Every organization, institution, medical association, and hospital administrator that I have asked has told me that policing physicians is the real responsibility of state medical boards. So let’s examine the role of state medical boards in American medicine.

Alan Levine is a soft-spoken gentleman with a big smile who worked for the inspector general of the United States, overseeing medical boards. “They vary widely,” he says, referring to the state boards, “mostly serving the interests of their stakeholders—doctors.” Some states let you look up a doctor’s disciplinary record. Other states don’t. If a medical board ever conducts an investigation—a relatively rare event—it tends to be weak. And I have never heard of a state board making a call to a witness, let alone conducting an on-site hospital investigation. Boards do publish lists of doctors who settled a lawsuit out of court. Of course this is distorted data, because unfounded lawsuits can be common.

Nearly all doctors will experience a lawsuit at some point in their career, and teasing out the ones with merit can be difficult. Some lawyers seem to encourage any patient who becomes disabled to sue, hoping they get lucky with an empathetic jury. Even a life-saving amputation by a good doctor can prove difficult to defend for hospitals. Juries sometimes will hold a subpar hospital against the individual doctor, even if this is unjust in the particular doctor’s case. Hospital lawyers therefore tend to settle before entering a courtroom stacked against them. Given the risk of a large potential payout, hospitals also calculate that it’s cheaper for them to settle these types of cases out of court. In fact, hospital lawyers go to court on average only once for every ten to twenty lawsuits brought, opting to settle the rest….

I routinely witness young medical students interested in fields such as brain cancer doing amazing research in residency. These talents have very promising careers in brain cancer, but as they proceed through their training, they see the high-dollar rewards for sidetracking their cancer research to become back surgeons. Dr. Michael Lim, a neurosurgeon at Hopkins, told me that for a complex brain-cancer surgery taking twelve hours, Medicare pays him about $5,000. But a short two-hour back operation pays a lot more. That’s a powerful incentive. Stacking two or three back operations in a day instead of performing a long, delicate brain-cancer surgery would allow him to earn between $15,000 and $20,000 in a day. It’s no surprise that each year, an increasing number of neurosurgery graduates are going into back surgery exclusively….

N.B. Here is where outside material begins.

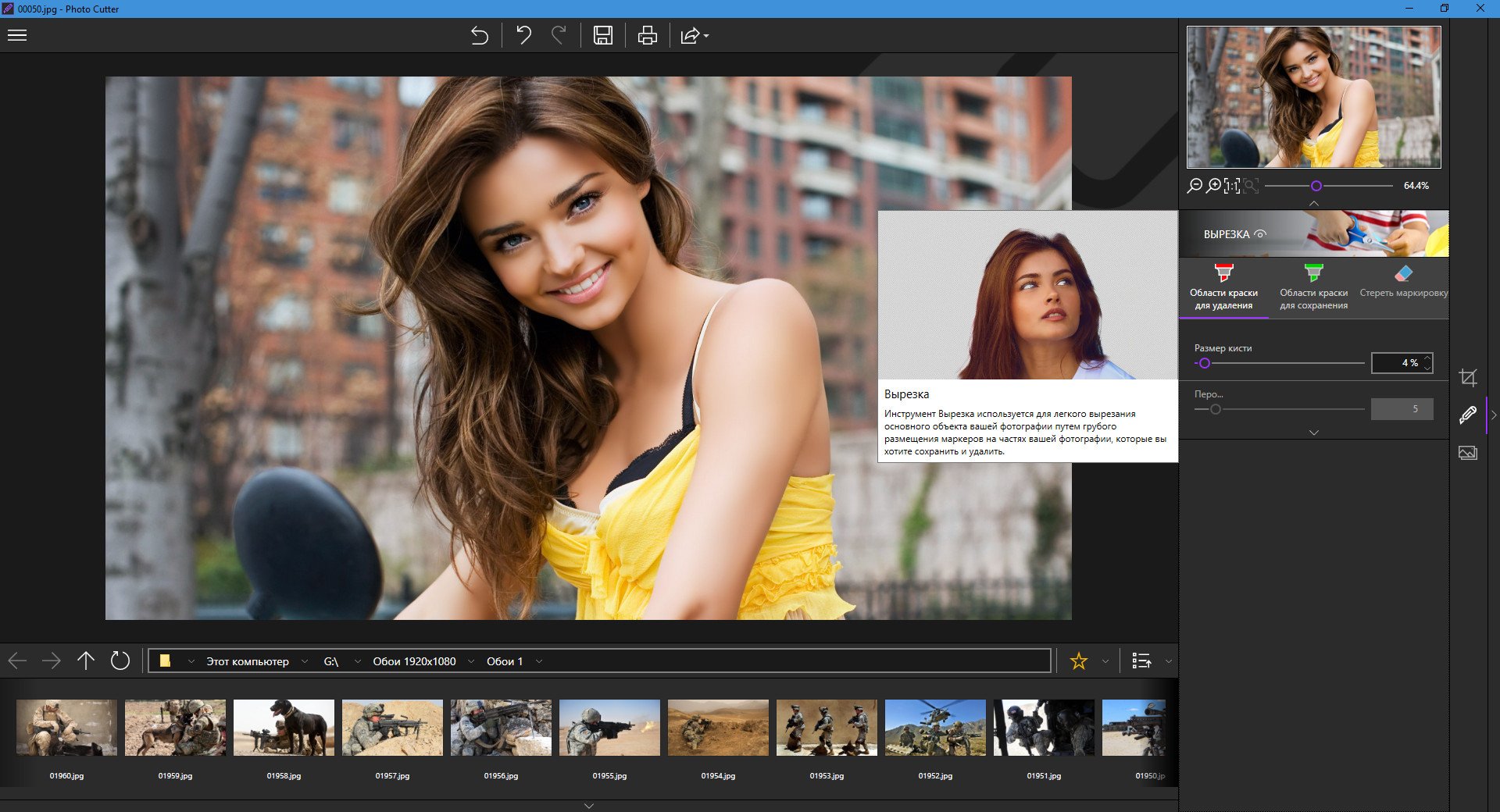 Не требуетсяPhoto Cutter — программа, при помощи которой вы сможете вырезать из фотографий любые детали, лица, объекты или пейзаж за несколько кликов. Благодаря курсору выберите объект или фон для удаления, а алгоритм Photo Cutter выполнит все автоматически. Даже тонкие детали, такие как волосы, могут быть удалены с удивительной точностью.Вы также можете использовать курсор «удержания» для сохранения важных деталей. Затем просто вставьте разрезанные объекты на любой фон, чтобы сделать коллажи или фотомонтаж всего одним щелчком мыши! А улучшенная функция сглаживания края позволяет вам разумно сглаживать контуры для более мягкого перехода между объектом и фоном, для еще более успешной интеграции в ваш фотомонтаж.

I ask my orthopedic-surgeon friends and colleagues every time I run into them if it’s true that there’s too much back surgery going on. They insist it is true, and it’s driven by money. When I ask colleagues in my own field, oncology, about the markup of chemo drugs and the lack of transparency to patients, they agree it is prevalent, profitable, and wrong. When I ask cardiologists about too many stents and devices being put in people, many, though not all, will agree that some cardiologists are doing too many procedures. My hunch about those who don’t is that they’re being discreet out of reluctance to go against their own.

Usually, whenever I ask doctors to comment about these matters, I am mightily impressed by how outraged they are, angry that such things should go on in their field—a field they are proud of, and want to be proud of rather than ashamed of. Doctors overall do care about patients’ well-being and are well aware of the perverse incentives that drive good doctors to do questionable things. But is it only orthopedics, cancer, and cardiology that overtreat? As an exercise, I began to ask specialists the question, “What is the most overutilized thing in your field?” Pediatricians said, “Antibiotics.” Radiologists said, “CAT scans.” Obstetricians said, “C-sections.”